**TASK ITEM:**
Range to reproduce from the entries below: the line with "YUV 114.284,-13.451,114.638 Color", the line with "我在长白山树林里,看到许多倒", and every line in between. Give them exactly and give nothing else.

**DATA SHOWN:**
+---+
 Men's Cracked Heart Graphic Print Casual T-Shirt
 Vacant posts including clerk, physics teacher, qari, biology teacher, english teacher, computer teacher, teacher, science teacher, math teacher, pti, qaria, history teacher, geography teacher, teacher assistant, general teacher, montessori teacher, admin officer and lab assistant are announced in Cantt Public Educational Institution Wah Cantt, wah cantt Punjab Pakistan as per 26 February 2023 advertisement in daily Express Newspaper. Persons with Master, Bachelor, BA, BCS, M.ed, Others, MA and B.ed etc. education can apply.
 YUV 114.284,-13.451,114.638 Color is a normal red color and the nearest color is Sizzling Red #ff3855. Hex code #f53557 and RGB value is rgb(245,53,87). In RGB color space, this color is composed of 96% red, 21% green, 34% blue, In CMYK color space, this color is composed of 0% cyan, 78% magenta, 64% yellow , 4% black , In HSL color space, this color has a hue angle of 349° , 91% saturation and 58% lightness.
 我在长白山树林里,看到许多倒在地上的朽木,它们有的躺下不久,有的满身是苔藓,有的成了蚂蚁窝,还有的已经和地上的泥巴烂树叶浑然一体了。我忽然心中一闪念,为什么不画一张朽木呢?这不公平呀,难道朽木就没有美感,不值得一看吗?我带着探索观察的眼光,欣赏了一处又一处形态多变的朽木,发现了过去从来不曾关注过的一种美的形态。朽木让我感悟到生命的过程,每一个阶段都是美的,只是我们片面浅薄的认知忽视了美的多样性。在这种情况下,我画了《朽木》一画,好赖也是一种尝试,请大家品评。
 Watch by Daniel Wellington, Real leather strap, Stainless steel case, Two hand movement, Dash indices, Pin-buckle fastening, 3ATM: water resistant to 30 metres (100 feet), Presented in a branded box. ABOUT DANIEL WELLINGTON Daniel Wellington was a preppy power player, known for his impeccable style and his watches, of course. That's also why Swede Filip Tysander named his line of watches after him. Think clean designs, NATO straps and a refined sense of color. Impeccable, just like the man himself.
+---+
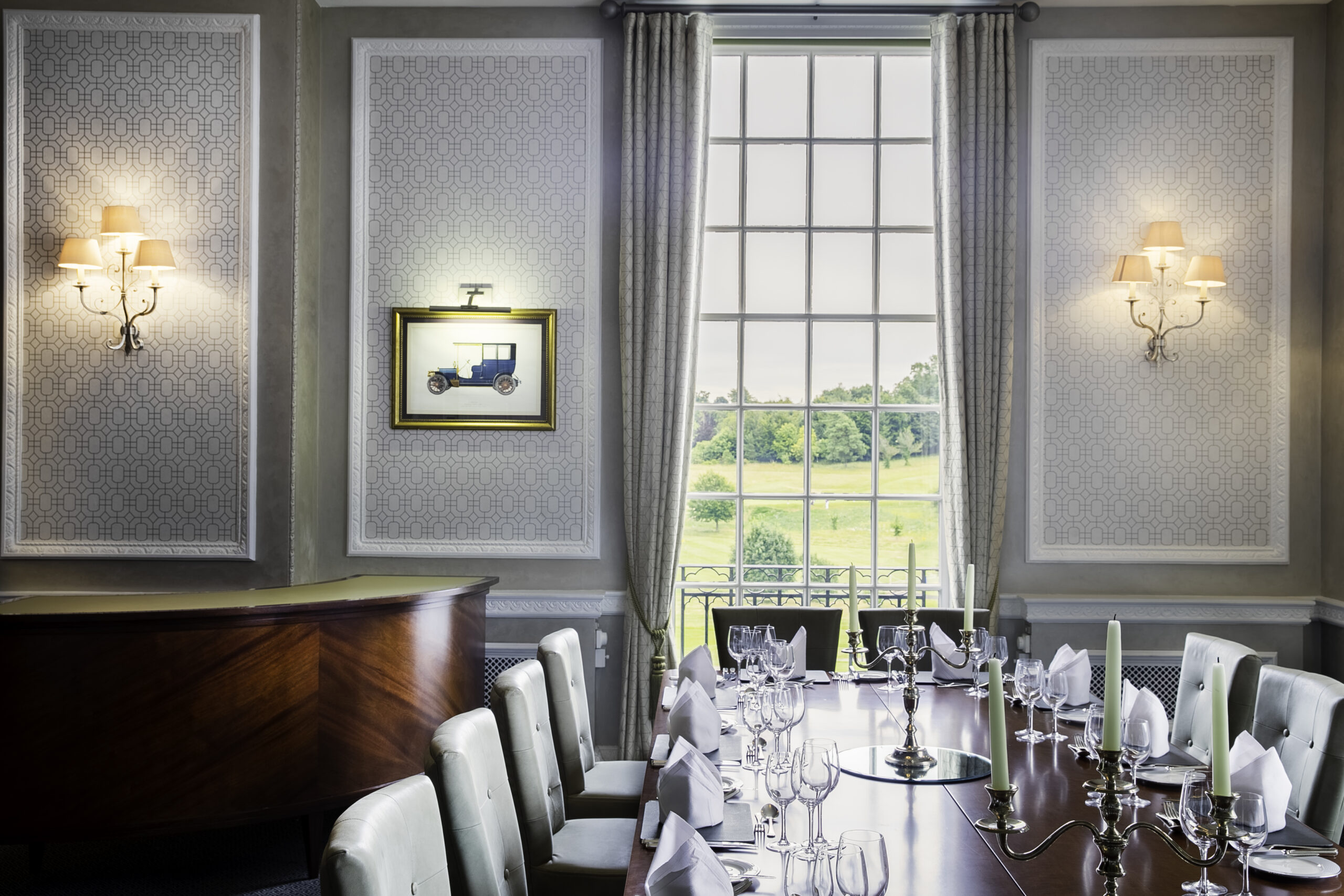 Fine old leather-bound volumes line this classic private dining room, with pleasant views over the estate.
+---+
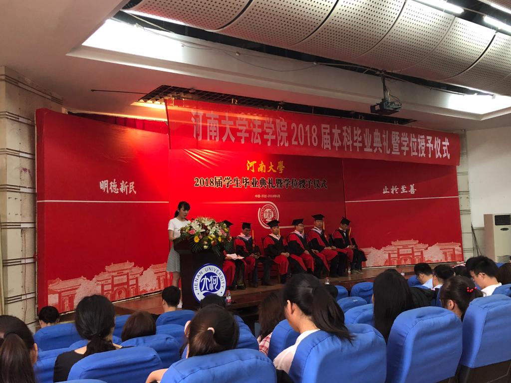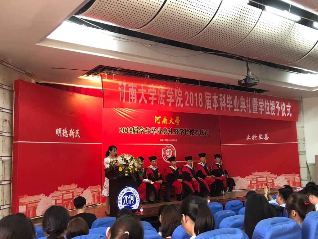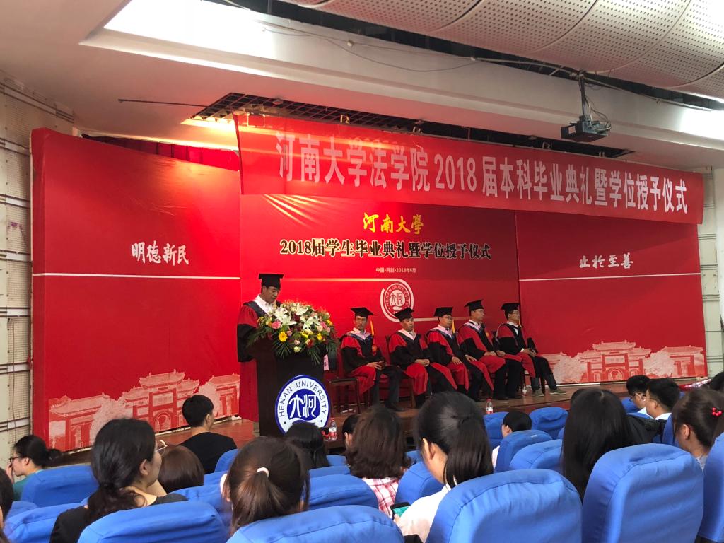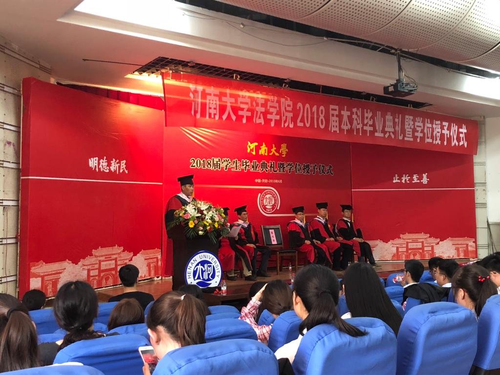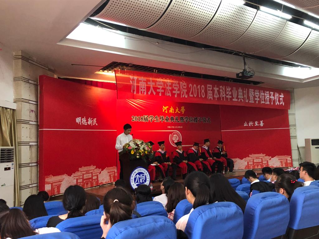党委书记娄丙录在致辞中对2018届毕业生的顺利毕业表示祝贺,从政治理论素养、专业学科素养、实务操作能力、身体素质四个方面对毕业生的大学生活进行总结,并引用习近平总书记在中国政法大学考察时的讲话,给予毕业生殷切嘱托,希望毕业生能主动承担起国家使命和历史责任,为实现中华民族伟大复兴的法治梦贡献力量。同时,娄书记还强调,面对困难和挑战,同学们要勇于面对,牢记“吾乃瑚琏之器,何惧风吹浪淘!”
+---+
**OUTPUT:**
 YUV 114.284,-13.451,114.638 Color is a normal red color and the nearest color is Sizzling Red #ff3855. Hex code #f53557 and RGB value is rgb(245,53,87). In RGB color space, this color is composed of 96% red, 21% green, 34% blue, In CMYK color space, this color is composed of 0% cyan, 78% magenta, 64% yellow , 4% black , In HSL color space, this color has a hue angle of 349° , 91% saturation and 58% lightness.
 我在长白山树林里,看到许多倒在地上的朽木,它们有的躺下不久,有的满身是苔藓,有的成了蚂蚁窝,还有的已经和地上的泥巴烂树叶浑然一体了。我忽然心中一闪念,为什么不画一张朽木呢?这不公平呀,难道朽木就没有美感,不值得一看吗?我带着探索观察的眼光,欣赏了一处又一处形态多变的朽木,发现了过去从来不曾关注过的一种美的形态。朽木让我感悟到生命的过程,每一个阶段都是美的,只是我们片面浅薄的认知忽视了美的多样性。在这种情况下,我画了《朽木》一画,好赖也是一种尝试,请大家品评。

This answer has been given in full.